В обезьяньем царстве, в карачуньем государстве
29.06.2017
Его, кумира французских интеллектуалов, писателя, художника, фольклориста и неоплатоника, обычно причисляют к младшим символистам или экспрессионистам. Он же, чуждаясь всяких течений и предвосхищая классиков постмодерна, значительно опережал время. 6 июля исполняется 140 лет со дня рождения Алексея Ремизова.

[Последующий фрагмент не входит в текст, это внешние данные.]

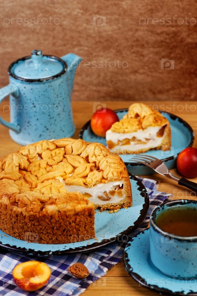 Крупный план домашний пирог с нектаринами и чашкой чая на деревянном столе. Мелкий фокус

Кострома в ежовой шубке как вылезет весной из овина, так давай с малыми ребятками возиться, валандаться, а устанет — ляжет на траву, греет переливчатое брюшко на солнышке. И усики у нее желтые, ими она бабочек ловит. Котофеевна брезгливо надувает красные губы, машет лапой на мышей: «Чтоб вас нелегкая!» Бесенята играют с цветочками в чехарду. Только платьица развеваются синенькие да беленькие...
Алексей Михайлович («назван в честь Тишайшего») с первою же книгой своей «Посолонь» сразу стал культовым автором. «Живая сокровищница русской речи», — говорила о его текстах Марина Цветаева.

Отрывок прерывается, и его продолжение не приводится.